ICMI Grand Challenge Workshop on Multimodal Learning Analytics
Math Data Corpus Download


The First International Conference on Multimodal Learning Analytics represented an initial intellectual gathering of multidisciplinary scientists interested in this new topic. The Second International Workshop on Multimodal Learning Analytics brings together an international collection of researchers to further advance research on multimodal learning analytics with a data-driven grand challenge event.

In support of this event, the Math Data Corpus and related coding resources are made publicly available for community use by Incaa Designs. In addition, the ChronoViz multimodal data analysis tool is supported by UCSD for workshop grand challenge participants who wish to use it.

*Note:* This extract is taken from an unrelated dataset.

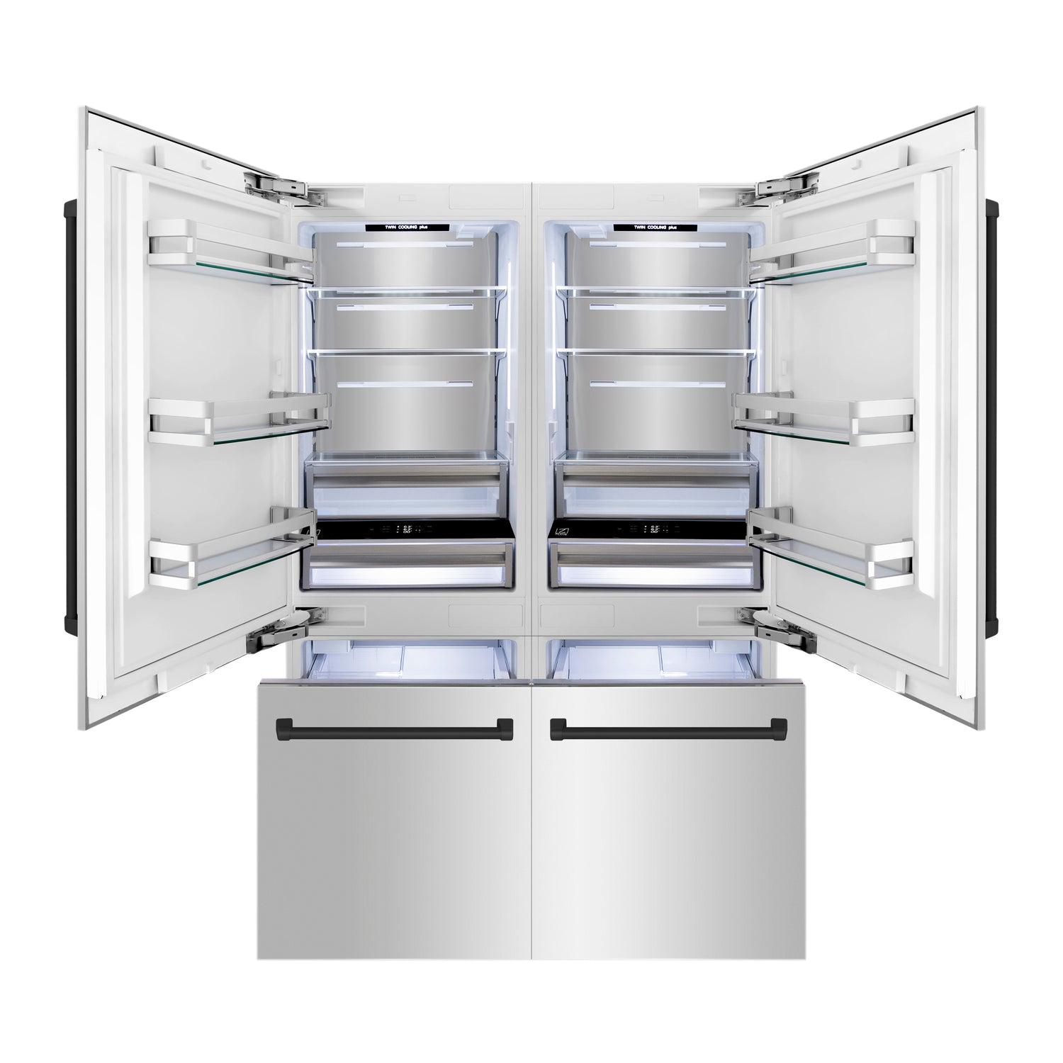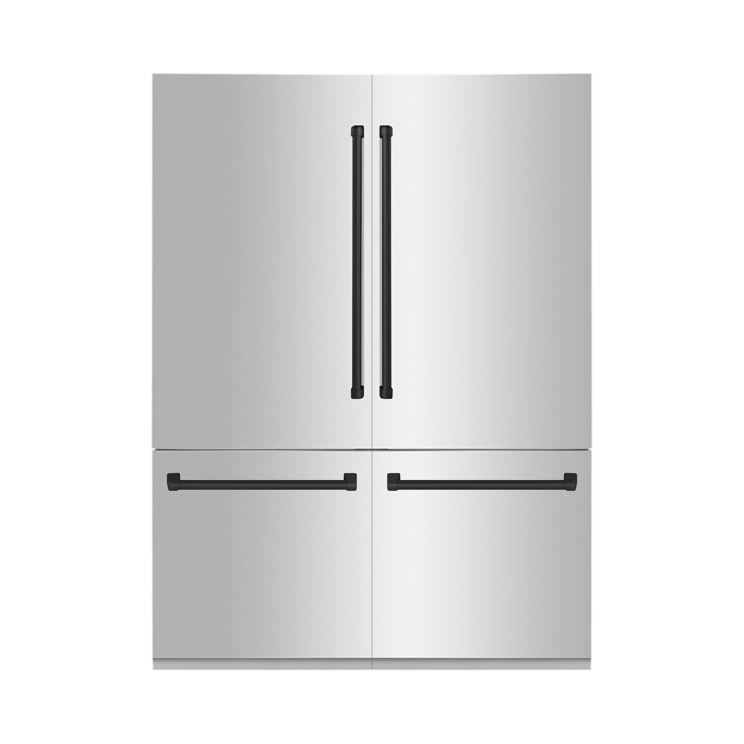 ZLINE 60" Autograph Edition 32.2 cu ft Built-in 4-Door French Door Refrigerator with Internal Water and Ice Dispenser in Stainless Steel with Matte Black Accents (RBIVZ-304-60-MB)

The Math Data Corpus contains high-fidelity time-synchronized multimodal data recordings on collaborating groups of students as they work together to solve mathematics problems varying in difficulty. Data were collected on students' natural multimodal communication and activity patterns, including their speech, digital pen input, facial expressions, gestures, and physical movements.
The dataset includes 12 sessions, with six three-student groups who each met twice. In total, approximately 29 student-hours of recorded multimodal data is available during these collaborative problem solving sessions. This data resource includes initial coding of problem segmentation, problem-solving correctness, and representational content on students’ writing. A full description of this dataset on this dataset is provided as part of this document, including detailed appendices. Moreover, this paper on "Problem solving, Domain Expertise and Learning: Ground-truth Performance Results for Math Data Corpus" can be used to better understand the data. The dataset is available to participants in the Second International Workshop on Multimodal Learning Analytics data-driven grand challenge, after signing a collaborator agreement (see below).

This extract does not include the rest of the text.